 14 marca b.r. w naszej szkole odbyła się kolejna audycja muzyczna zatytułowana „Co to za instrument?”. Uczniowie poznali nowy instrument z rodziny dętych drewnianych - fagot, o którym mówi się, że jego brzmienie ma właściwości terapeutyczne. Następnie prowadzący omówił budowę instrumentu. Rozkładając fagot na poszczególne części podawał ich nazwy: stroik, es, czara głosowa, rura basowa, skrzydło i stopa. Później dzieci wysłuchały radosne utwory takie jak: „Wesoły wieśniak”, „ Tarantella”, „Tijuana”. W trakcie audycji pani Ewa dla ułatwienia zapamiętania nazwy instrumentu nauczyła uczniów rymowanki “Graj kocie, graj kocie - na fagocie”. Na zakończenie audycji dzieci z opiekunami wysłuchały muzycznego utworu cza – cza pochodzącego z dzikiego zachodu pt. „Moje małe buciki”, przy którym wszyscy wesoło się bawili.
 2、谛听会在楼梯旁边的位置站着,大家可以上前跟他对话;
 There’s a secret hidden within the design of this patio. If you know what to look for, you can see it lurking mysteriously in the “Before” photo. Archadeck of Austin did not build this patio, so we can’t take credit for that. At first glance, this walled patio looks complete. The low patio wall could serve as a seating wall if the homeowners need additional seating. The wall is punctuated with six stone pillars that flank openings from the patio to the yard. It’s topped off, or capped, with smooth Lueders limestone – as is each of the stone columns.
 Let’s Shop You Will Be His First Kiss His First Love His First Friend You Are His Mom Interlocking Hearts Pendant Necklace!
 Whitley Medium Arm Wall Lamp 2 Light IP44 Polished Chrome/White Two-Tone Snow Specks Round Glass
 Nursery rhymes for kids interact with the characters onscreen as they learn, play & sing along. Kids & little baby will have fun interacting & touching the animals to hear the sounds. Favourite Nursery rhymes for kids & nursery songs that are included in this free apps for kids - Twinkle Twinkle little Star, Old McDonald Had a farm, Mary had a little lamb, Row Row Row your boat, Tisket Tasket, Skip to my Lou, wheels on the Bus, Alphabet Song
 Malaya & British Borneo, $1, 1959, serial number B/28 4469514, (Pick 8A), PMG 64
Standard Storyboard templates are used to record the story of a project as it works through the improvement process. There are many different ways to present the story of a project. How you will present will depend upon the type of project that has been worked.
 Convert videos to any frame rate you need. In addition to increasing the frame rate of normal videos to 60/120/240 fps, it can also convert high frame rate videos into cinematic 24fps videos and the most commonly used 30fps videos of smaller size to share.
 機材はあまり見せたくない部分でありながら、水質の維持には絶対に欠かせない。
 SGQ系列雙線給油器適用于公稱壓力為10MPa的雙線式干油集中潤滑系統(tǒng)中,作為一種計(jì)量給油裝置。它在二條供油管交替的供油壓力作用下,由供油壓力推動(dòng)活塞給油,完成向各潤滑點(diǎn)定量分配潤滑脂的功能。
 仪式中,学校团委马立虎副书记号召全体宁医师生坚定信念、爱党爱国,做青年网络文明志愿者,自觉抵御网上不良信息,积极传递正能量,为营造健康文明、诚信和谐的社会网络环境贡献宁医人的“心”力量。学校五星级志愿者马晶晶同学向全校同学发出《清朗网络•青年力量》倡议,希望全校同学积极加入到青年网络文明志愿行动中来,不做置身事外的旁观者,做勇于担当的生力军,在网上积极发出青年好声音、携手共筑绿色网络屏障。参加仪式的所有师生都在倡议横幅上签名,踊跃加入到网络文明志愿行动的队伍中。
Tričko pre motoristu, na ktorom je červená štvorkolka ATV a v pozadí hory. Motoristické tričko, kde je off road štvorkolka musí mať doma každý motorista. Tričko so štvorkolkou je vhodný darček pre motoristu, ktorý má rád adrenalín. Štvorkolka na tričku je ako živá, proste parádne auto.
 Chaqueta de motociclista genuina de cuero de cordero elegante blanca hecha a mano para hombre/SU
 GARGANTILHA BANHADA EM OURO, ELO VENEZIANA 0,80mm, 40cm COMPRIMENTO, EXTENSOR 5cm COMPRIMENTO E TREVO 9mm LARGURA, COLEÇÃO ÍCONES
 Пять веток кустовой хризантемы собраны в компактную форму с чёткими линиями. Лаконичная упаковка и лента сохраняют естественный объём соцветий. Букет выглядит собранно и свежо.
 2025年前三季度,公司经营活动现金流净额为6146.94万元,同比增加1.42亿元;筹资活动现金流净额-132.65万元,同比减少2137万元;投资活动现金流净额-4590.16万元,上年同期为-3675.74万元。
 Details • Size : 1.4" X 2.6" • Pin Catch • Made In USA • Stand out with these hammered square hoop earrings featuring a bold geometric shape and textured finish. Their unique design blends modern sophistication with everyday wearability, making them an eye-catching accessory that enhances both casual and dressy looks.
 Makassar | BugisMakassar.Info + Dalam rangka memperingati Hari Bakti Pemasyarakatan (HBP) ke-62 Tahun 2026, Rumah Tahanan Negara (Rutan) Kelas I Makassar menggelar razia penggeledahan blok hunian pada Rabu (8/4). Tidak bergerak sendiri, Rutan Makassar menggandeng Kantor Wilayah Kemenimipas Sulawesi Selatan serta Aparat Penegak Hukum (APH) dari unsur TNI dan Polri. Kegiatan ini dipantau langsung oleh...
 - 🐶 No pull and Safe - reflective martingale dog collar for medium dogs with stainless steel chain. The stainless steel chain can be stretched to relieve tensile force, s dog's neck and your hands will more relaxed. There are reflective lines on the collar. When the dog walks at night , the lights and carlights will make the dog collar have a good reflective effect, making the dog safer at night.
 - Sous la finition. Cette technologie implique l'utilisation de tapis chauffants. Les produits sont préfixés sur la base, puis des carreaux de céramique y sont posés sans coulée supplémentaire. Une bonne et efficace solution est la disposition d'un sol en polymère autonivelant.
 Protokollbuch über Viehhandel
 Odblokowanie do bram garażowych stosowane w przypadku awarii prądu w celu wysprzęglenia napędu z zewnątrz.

**What the task requires:**
Since only part of the listing is wanted, copy exactly the lines from the one holding "Let’s Shop You" to the one holding "SGQ系列雙線給油器適用于公", both included.

**Answer to the exercise:**
 Let’s Shop You Will Be His First Kiss His First Love His First Friend You Are His Mom Interlocking Hearts Pendant Necklace!
 Whitley Medium Arm Wall Lamp 2 Light IP44 Polished Chrome/White Two-Tone Snow Specks Round Glass
 Nursery rhymes for kids interact with the characters onscreen as they learn, play & sing along. Kids & little baby will have fun interacting & touching the animals to hear the sounds. Favourite Nursery rhymes for kids & nursery songs that are included in this free apps for kids - Twinkle Twinkle little Star, Old McDonald Had a farm, Mary had a little lamb, Row Row Row your boat, Tisket Tasket, Skip to my Lou, wheels on the Bus, Alphabet Song
 Malaya & British Borneo, $1, 1959, serial number B/28 4469514, (Pick 8A), PMG 64
Standard Storyboard templates are used to record the story of a project as it works through the improvement process. There are many different ways to present the story of a project. How you will present will depend upon the type of project that has been worked.
 Convert videos to any frame rate you need. In addition to increasing the frame rate of normal videos to 60/120/240 fps, it can also convert high frame rate videos into cinematic 24fps videos and the most commonly used 30fps videos of smaller size to share.
 機材はあまり見せたくない部分でありながら、水質の維持には絶対に欠かせない。
 SGQ系列雙線給油器適用于公稱壓力為10MPa的雙線式干油集中潤滑系統(tǒng)中,作為一種計(jì)量給油裝置。它在二條供油管交替的供油壓力作用下,由供油壓力推動(dòng)活塞給油,完成向各潤滑點(diǎn)定量分配潤滑脂的功能。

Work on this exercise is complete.